On Sunday, Prime Minister Narendra Modi said that it was “our duty to protect and respect the poor and Dalit people of our country”. For the Dalit families of Sodapur, these words come as cold comfort.
Written by Leena Misra | Sodapur | Updated: August 10, 2016 7:50 am
The Dalits who have relocated to Sodapur. (Express Photo)
Priyanka Meghwa was in Class X when she was forced to give up school in her village in Ghada. At her new home 15 km away, with nothing much to do, the 15-year-old spends time watching television. Ghar Ki Lakshmi Betiyaan, a soap celebrating daughters, and Sapne Suhane Ladakpan Ke are her favourite shows, she says.
Two years ago, Priyanka’s family was among the 27 Dalit families who were forced to move to Sodapur from Ghada, both villages in the Deesa taluka of Banaskantha, the potato capital of Gujarat. All of them victims of untouchability, now refugees in their own state, which saw Dalit anger boiling over last month following the public flogging in Una of youths for skinning dead cattle.
On Sunday, Prime Minister Narendra Modi said that it was “our duty to protect and respect the poor and Dalit people of our country”. For the Dalit families of Sodapur, these words come as cold comfort.
At the entrance to Deesa, near the Agriculture Produce Market Committee (APMC) building, a huge potato installation welcomes you. Deesa is also where Canadian food giant McCain sources its potatoes from. Large potato cold storages dot the way to Sodapur. On one side of the road that cuts through the village, stand rows of shacks covered with asbestos and lined with tarpaulin. This is the home of the Dalits from Ghada. Across the road, lives the rest of the village.
The practice of “extreme untouchability”, the Dalits claim, led to the murder of one of them nine years ago, forcing them to first sit in protest outside the local revenue official’s office for five years after which they came to Sodapur, leaving behind 100 bighas of land where they grew potatoes, castor, wheat, groundnut, bajra and rapeseed.
Priyanka’s sister Savita, 20, is married in Dhaneri village, which is a “happier village”, but says this is “home”, where her parents and siblings live.
Savita came home for her delivery and a week ago, gave birth to a daughter.

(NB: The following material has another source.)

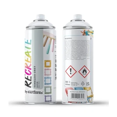 RECREATE Timeless Grey Satin Spray Paint For Wood, Metal, Plastic Quick Drying, Smooth, Durable, Easy to Apply Suitable Indoor/Outdoor Furniture, Craft, Doors, Ornaments, Pots, Frames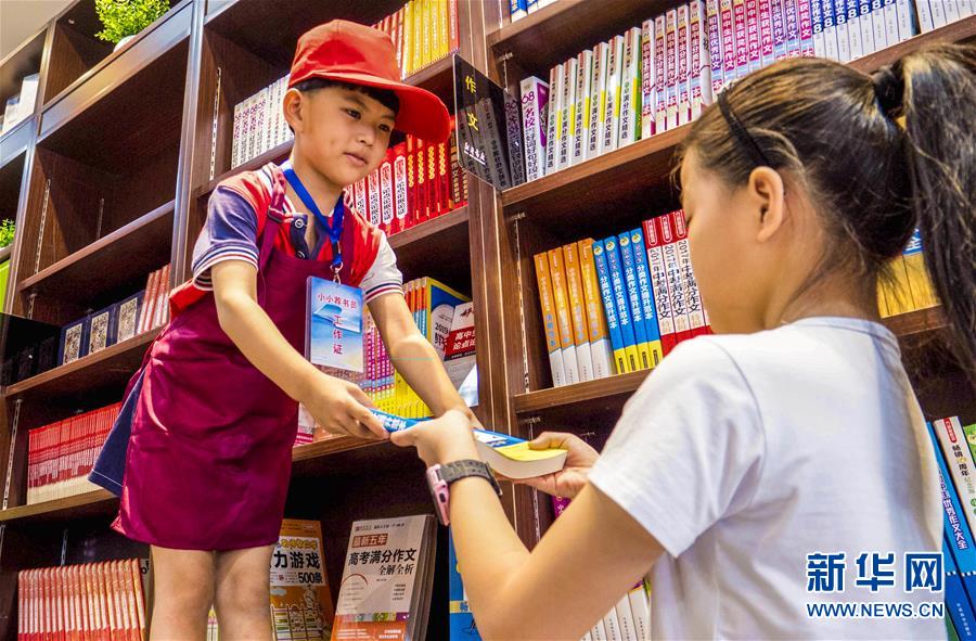 8月20日,“小小荐书员”在河北省武邑县新华书店向顾客推介图书。 近日,河北省武邑县新华书店开展为期十天的“小小荐书员”暑期社会实践活动。孩子们在书店协助营业员进行图书整理、荐售等工作,工作之余孩子们还可以阅读自己喜欢的读物,丰富暑期生活。 新华社记者李晓果摄

The newborn lies on a charpoy, wrapped in a white cloth, flies hovering over. “I have to keep it completely wrapped even in this hot weather,” she says. The buffalo tied outside belongs to her grandmother Puriben who brought it from her brother’s house to source milk for Savita.
“All the girls gave up studying when we left Ghada. What do we do? Here, we have to take them across the busy road and fetch them back, which is not possible,” says Savita.
An orange cycle stands in the corner against a wall, one of the government freebies handed out to Savita’s brother, who freelances as a mason, at a Garib Kalyan Mela.
Even the boys gave up school. Dashrath, 18, dropped out in Class V, and is now a labourer, as his younger brother who dropped out in Class VII. “They didn’t let us sit together. They never played with us,” says Dashrath, about his upper-caste “darbar” (OBC) classmates in Ghada.
Talbiben weeps at the mention of Ramesh, her eldest son among five children. Her husband Devjibhai is too traumatised to put together the story of what happened.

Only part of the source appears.